TASK INPUTS –
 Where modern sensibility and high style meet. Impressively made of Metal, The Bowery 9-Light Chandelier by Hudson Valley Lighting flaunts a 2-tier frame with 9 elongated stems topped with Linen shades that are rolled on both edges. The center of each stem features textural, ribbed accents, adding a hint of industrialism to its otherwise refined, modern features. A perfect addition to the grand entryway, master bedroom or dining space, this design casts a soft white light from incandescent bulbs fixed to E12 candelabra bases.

==

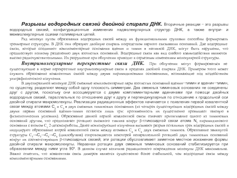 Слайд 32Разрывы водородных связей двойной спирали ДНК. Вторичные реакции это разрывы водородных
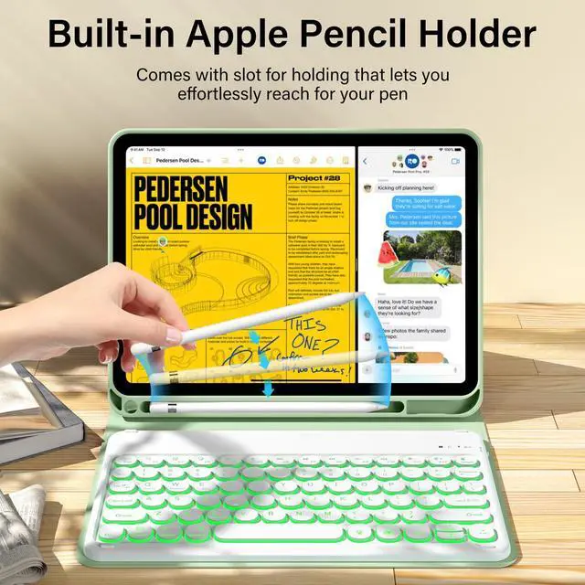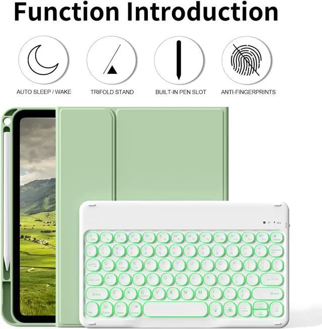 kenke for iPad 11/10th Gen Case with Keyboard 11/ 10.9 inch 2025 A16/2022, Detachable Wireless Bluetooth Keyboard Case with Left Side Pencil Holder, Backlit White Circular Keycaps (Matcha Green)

REQUIRED ACTION – Each line above from the one containing "Слайд 32Разрывы водородных" through the one containing "kenke for iPad" is to be returned verbatim. Nothing else, and no pictures.

RESULT BELOW –
 Слайд 32Разрывы водородных связей двойной спирали ДНК. Вторичные реакции это разрывы водородных
 kenke for iPad 11/10th Gen Case with Keyboard 11/ 10.9 inch 2025 A16/2022, Detachable Wireless Bluetooth Keyboard Case with Left Side Pencil Holder, Backlit White Circular Keycaps (Matcha Green)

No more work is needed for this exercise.